(DATA BLOCK Opens)

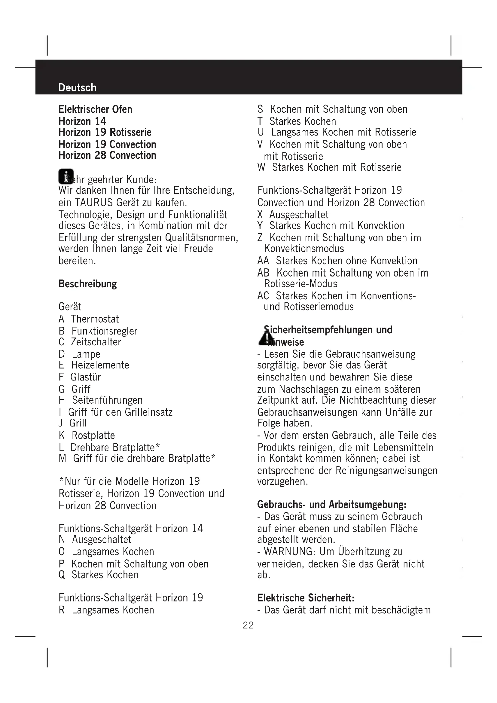 Horizon 19 Convection - Ofen TAURUS - Kostenlose Bedienungsanleitung
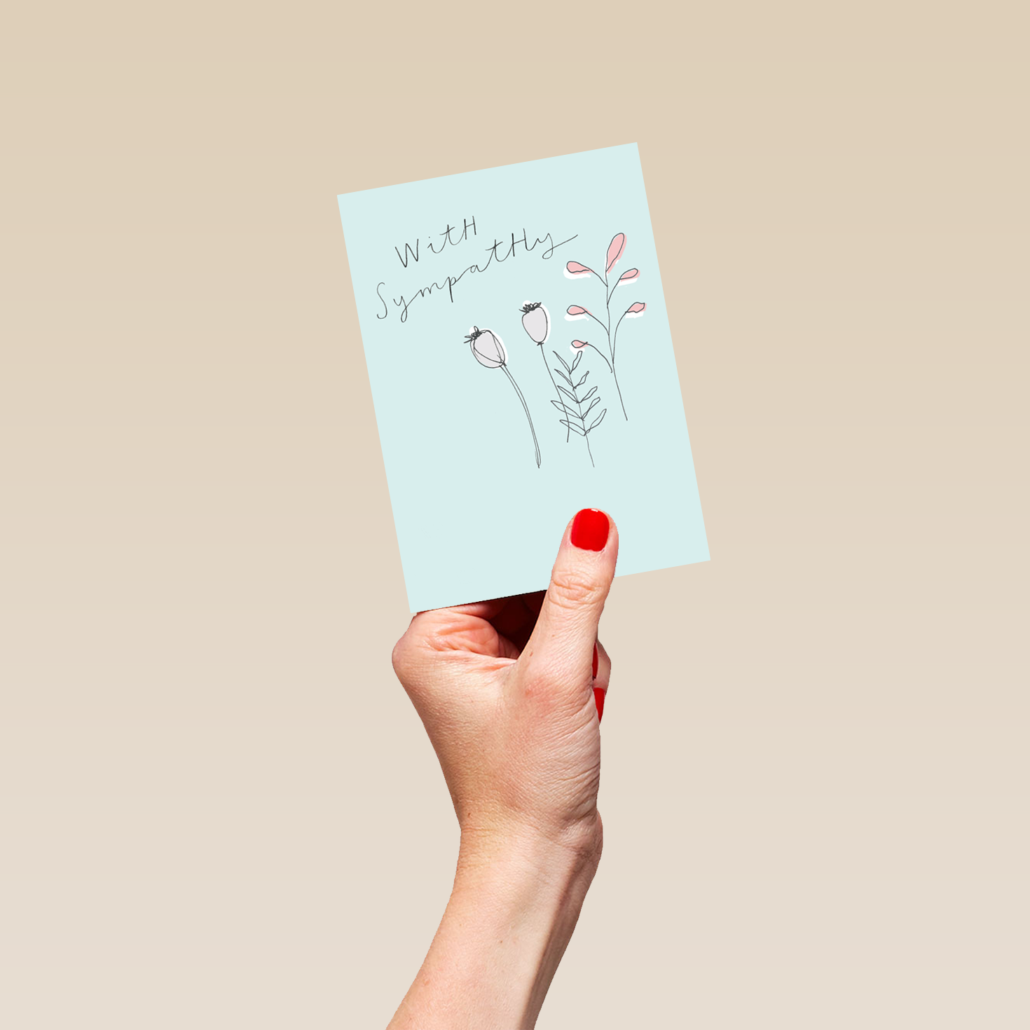 Show them you care with a personalised with sympathy floral card from Hallmark. Our sympathy cards are printed on premium quality, FSC®-certified card & delivered nationwide. This card is available as standard 12cm by 16.7cm and large 15.5cm by 21.6cm.
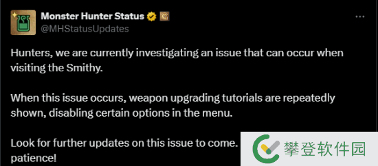 《怪物猎人荒野》再出问题!访问铁匠铺存在异常
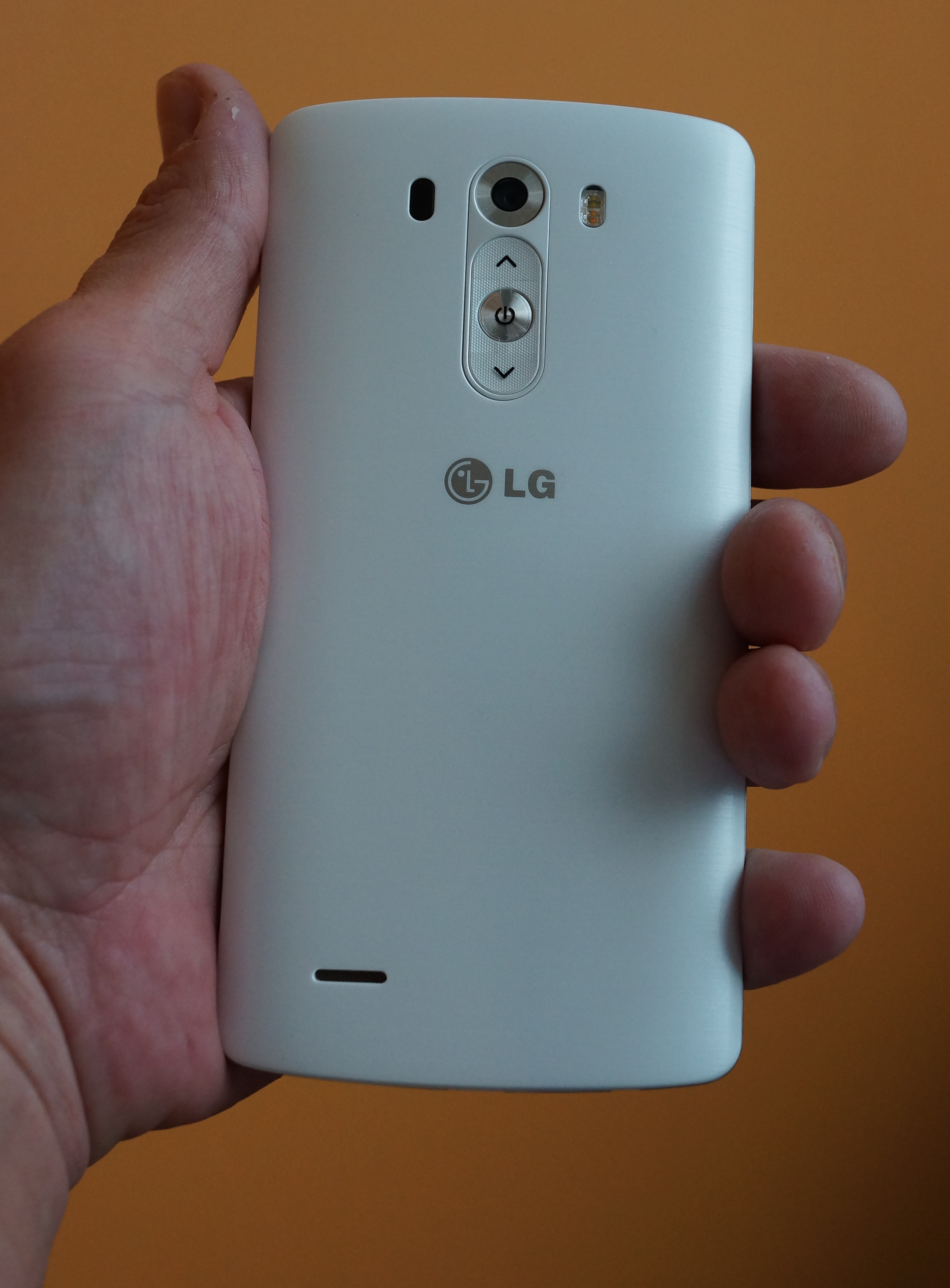 И — надо же! — обслужили. Когда в конце мая состоялась официальная презентация нового флагмана LG G3, публике не оставалось ничего кроме как развести руками: таки да, блудница достойна своего Вавилона! G3 наяву оказался точно таким же запредельным смартфоном как и в слухах и концептах: топовый Qualcomm MSM8975AC Snapdragon 801 с частотой 2500 MHz, 3 гигабайта памяти, 32 гигабайта флэша на борту, умопомрачительный экран 5 с половиной дюйма, который тактильно и визуально (из-за практического отсутствия бортиков) почти не отличается от 5-дюймовых смартфонов, оптическая стабилизация, сменная батарея на 3000 mAh, слот под карту на 128 гигов, оптическая стабилизация, а сверх всего — еще и феноменальное лазерное фокусирование, которое выводит по резкости мобильные гаджеты на качественно иной уровень.

(DATA BLOCK Closes)

## PROBLEM REQUIREMENTS
The complete listing must be transcribed verbatim, and all pictures are to be omitted.

## SOLUTION BELOW
 Horizon 19 Convection - Ofen TAURUS - Kostenlose Bedienungsanleitung
 Show them you care with a personalised with sympathy floral card from Hallmark. Our sympathy cards are printed on premium quality, FSC®-certified card & delivered nationwide. This card is available as standard 12cm by 16.7cm and large 15.5cm by 21.6cm.
 《怪物猎人荒野》再出问题!访问铁匠铺存在异常
 И — надо же! — обслужили. Когда в конце мая состоялась официальная презентация нового флагмана LG G3, публике не оставалось ничего кроме как развести руками: таки да, блудница достойна своего Вавилона! G3 наяву оказался точно таким же запредельным смартфоном как и в слухах и концептах: топовый Qualcomm MSM8975AC Snapdragon 801 с частотой 2500 MHz, 3 гигабайта памяти, 32 гигабайта флэша на борту, умопомрачительный экран 5 с половиной дюйма, который тактильно и визуально (из-за практического отсутствия бортиков) почти не отличается от 5-дюймовых смартфонов, оптическая стабилизация, сменная батарея на 3000 mAh, слот под карту на 128 гигов, оптическая стабилизация, а сверх всего — еще и феноменальное лазерное фокусирование, которое выводит по резкости мобильные гаджеты на качественно иной уровень.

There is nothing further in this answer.